* WHAT IS BEING ASKED *
Your copy should match the records exactly, except that it contains no pictures.

* DATASET CONTENT *
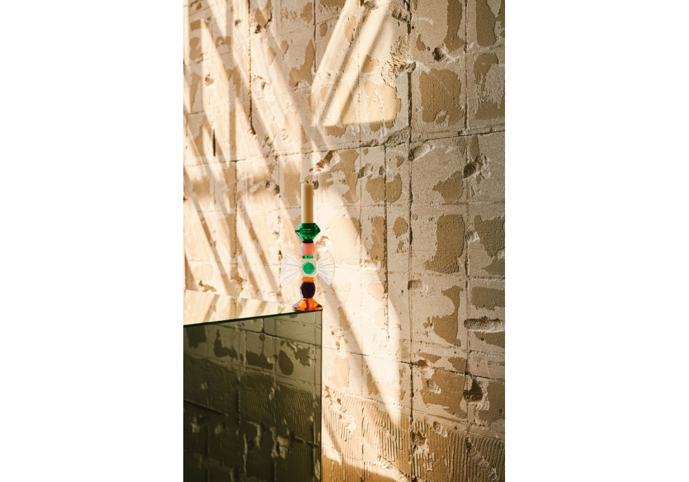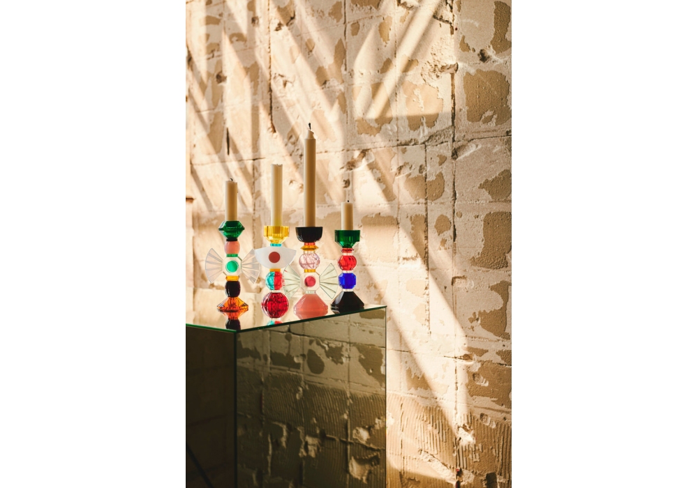 Carmina producido y diseñado por Reflections Copenhagen es un portavelas de cristal estructurado por varios elementos geométricos tallados y acabados a mano en rosa pálido, azul claro, burdeos, neón, amarillo, naranja y rosa.
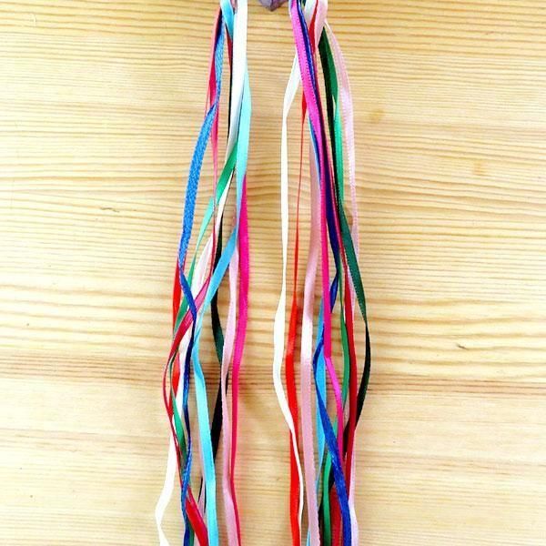 カラフルなリボンが飾られています。長ければ、お好みで切って調節してください。
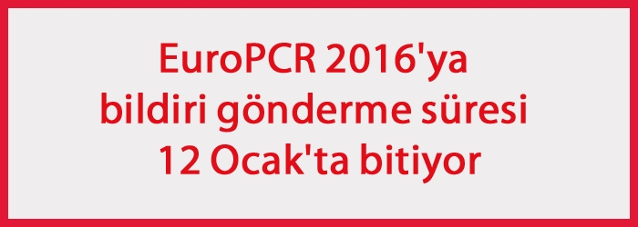 17-20 Mayıs 2016'da Paris’te gerçekleştirilecek EuroPCR 2016 Kongresi’ne bildiri, olgu ve görüntü gönderme süresi 12 Ocak’ta doluyor. Late-Breaking Trials için son gönderim tarihiyse 29 Ocak.
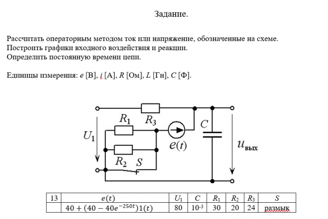 ДЗ: Расчёт операторным методом тока или напряжения, обозначенные на схеме. вариант 13
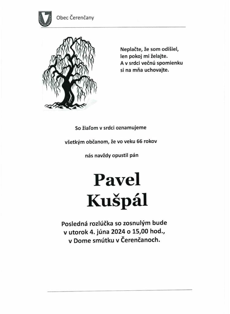 So žiaľom v srdci oznamujeme všetkým občanom, že vo veku 66 rokov nás navždy opustil p. Pavel Kušpál. Posledná rozlúčka so zosnulým bude v utorok 4. júna 2024 o 15,00 hodine v Dome smútku v Čerenčanoch.
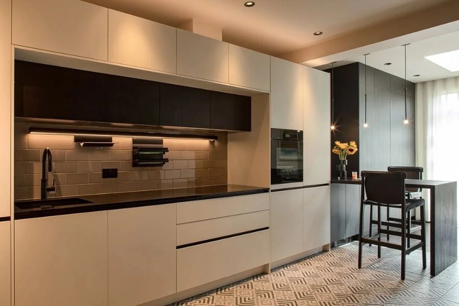 The inclusion of smart lighting such as the under-cabinet and in-drawer lights as well as ambient roof lights enhances your visibility during kitchen functions. Smart lighting not only increases visibility, but also improves the inviting environment of your kitchen. In addition, smart lighting enhances the latest kitchen furniture design of your kitchen, making it more functional and attractive at night.
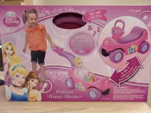 A beautiful royal coach is awaiting your little princess. This innovatively designed combination 2-in-1 wagon/ride-on is action packed and ready to go. In the ride-on mode, your little one rides in comfort as she holds the easy grip handle that plays princess sounds and a tune at the touch of a button. The front end has a jewel pocketbook that really opens so she can store her most precious gems. Release the handle from the locked position with one touch of a button to the wagon mode to tow along her favorite toys in the large under seat storage area. It’s great for indoor or outdoor play!
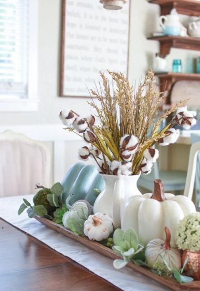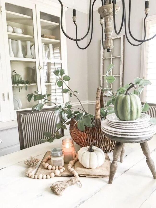 Fall whispers softly through your dining space with charming white pumpkins nestled beside delicate green gourds, creating an effortless seasonal welcome.
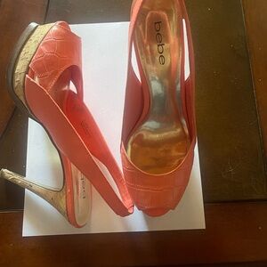 Chic coral slingback heels by Bebe. Elevate your look with these stylish shoes.
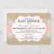 Convites Chá de fraldas Russo Burlap Modern Lace Coral Girl
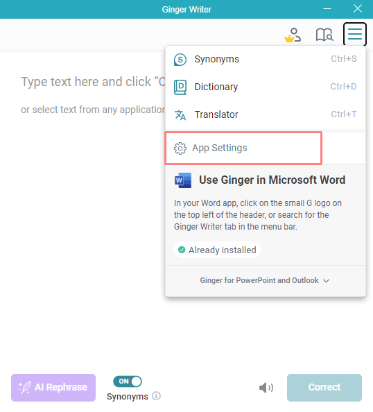 Go to the Ginger desktop app
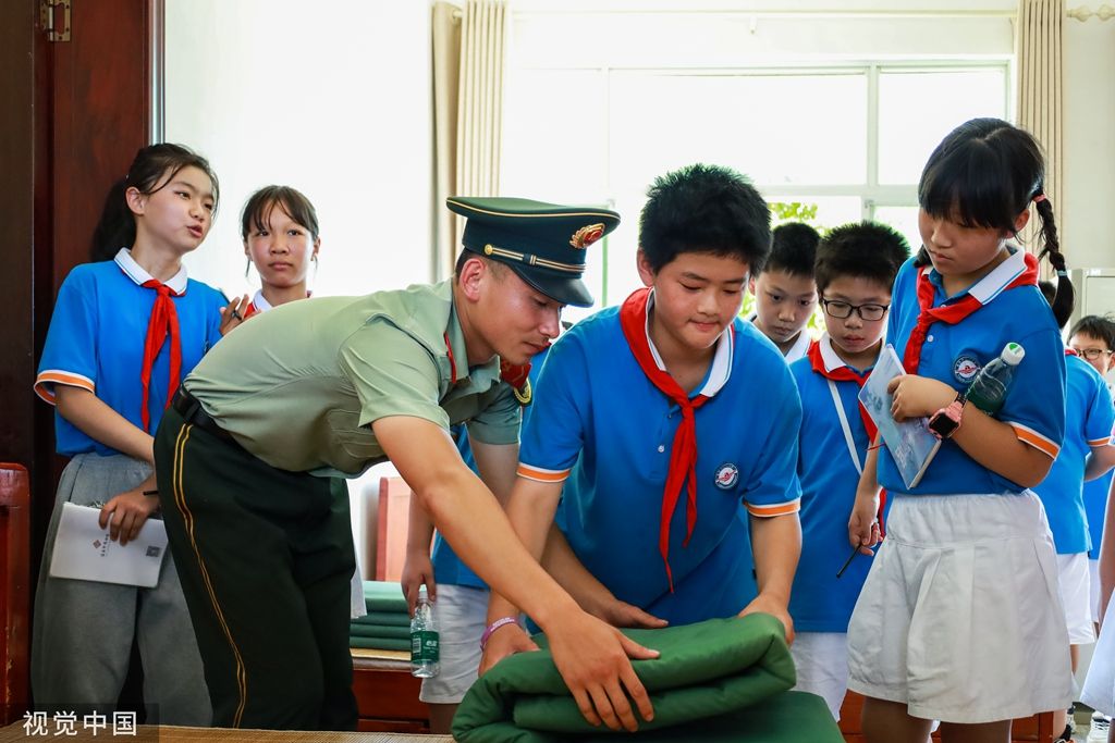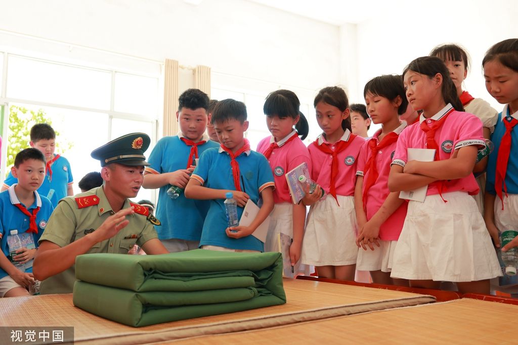 2023年6月28日,江西鹰潭,武警鹰潭支队官兵教鹰潭市“八一”小学学生叠被子。
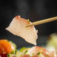 Arroz japonês, lâminas de peixe branco finalizadas com shoyu, sal rosa e raspas de limão taiti.
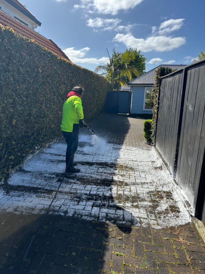Deep cleaning of surfaces using pressure washing combined with appropriate cleaning chemicals to remove dirt, grime, mould, and stains, leaving the area clean and refreshed.
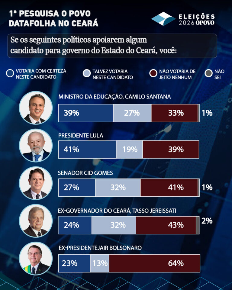Ciro Gomes, diante da pesquisa reveladora – que aponta o ex-presidente Bolsonaro com pouquíssima influência no quadro da sucessão cearense, chegando a apenas 23%, enquanto Lula aparece com 41%, Camilo com 39% e Cid Gomes com 27% —, teve sua posição bastante impactada. Essa realidade mexeu muito com o suposto candidato oposicionista, que, dos bolsonaristas, quer apenas o suporte de Capitão Wagner e André Fernandes para robustecer seu número de votos na capital. De Bolsonaro, assim como sempre agiu Capitão Wagner, Ciro Gomes quer manter distância, pois ter seu nome ligado a ele provoca prejuízos.

* WRITTEN ANSWER *
 Carmina producido y diseñado por Reflections Copenhagen es un portavelas de cristal estructurado por varios elementos geométricos tallados y acabados a mano en rosa pálido, azul claro, burdeos, neón, amarillo, naranja y rosa.
 カラフルなリボンが飾られています。長ければ、お好みで切って調節してください。
 17-20 Mayıs 2016'da Paris’te gerçekleştirilecek EuroPCR 2016 Kongresi’ne bildiri, olgu ve görüntü gönderme süresi 12 Ocak’ta doluyor. Late-Breaking Trials için son gönderim tarihiyse 29 Ocak.
 ДЗ: Расчёт операторным методом тока или напряжения, обозначенные на схеме. вариант 13
 So žiaľom v srdci oznamujeme všetkým občanom, že vo veku 66 rokov nás navždy opustil p. Pavel Kušpál. Posledná rozlúčka so zosnulým bude v utorok 4. júna 2024 o 15,00 hodine v Dome smútku v Čerenčanoch.
 The inclusion of smart lighting such as the under-cabinet and in-drawer lights as well as ambient roof lights enhances your visibility during kitchen functions. Smart lighting not only increases visibility, but also improves the inviting environment of your kitchen. In addition, smart lighting enhances the latest kitchen furniture design of your kitchen, making it more functional and attractive at night.
 A beautiful royal coach is awaiting your little princess. This innovatively designed combination 2-in-1 wagon/ride-on is action packed and ready to go. In the ride-on mode, your little one rides in comfort as she holds the easy grip handle that plays princess sounds and a tune at the touch of a button. The front end has a jewel pocketbook that really opens so she can store her most precious gems. Release the handle from the locked position with one touch of a button to the wagon mode to tow along her favorite toys in the large under seat storage area. It’s great for indoor or outdoor play!
 Fall whispers softly through your dining space with charming white pumpkins nestled beside delicate green gourds, creating an effortless seasonal welcome.
 Chic coral slingback heels by Bebe. Elevate your look with these stylish shoes.
 Convites Chá de fraldas Russo Burlap Modern Lace Coral Girl
 Go to the Ginger desktop app
 2023年6月28日,江西鹰潭,武警鹰潭支队官兵教鹰潭市“八一”小学学生叠被子。
 Arroz japonês, lâminas de peixe branco finalizadas com shoyu, sal rosa e raspas de limão taiti.
Deep cleaning of surfaces using pressure washing combined with appropriate cleaning chemicals to remove dirt, grime, mould, and stains, leaving the area clean and refreshed.
Ciro Gomes, diante da pesquisa reveladora – que aponta o ex-presidente Bolsonaro com pouquíssima influência no quadro da sucessão cearense, chegando a apenas 23%, enquanto Lula aparece com 41%, Camilo com 39% e Cid Gomes com 27% —, teve sua posição bastante impactada. Essa realidade mexeu muito com o suposto candidato oposicionista, que, dos bolsonaristas, quer apenas o suporte de Capitão Wagner e André Fernandes para robustecer seu número de votos na capital. De Bolsonaro, assim como sempre agiu Capitão Wagner, Ciro Gomes quer manter distância, pois ter seu nome ligado a ele provoca prejuízos.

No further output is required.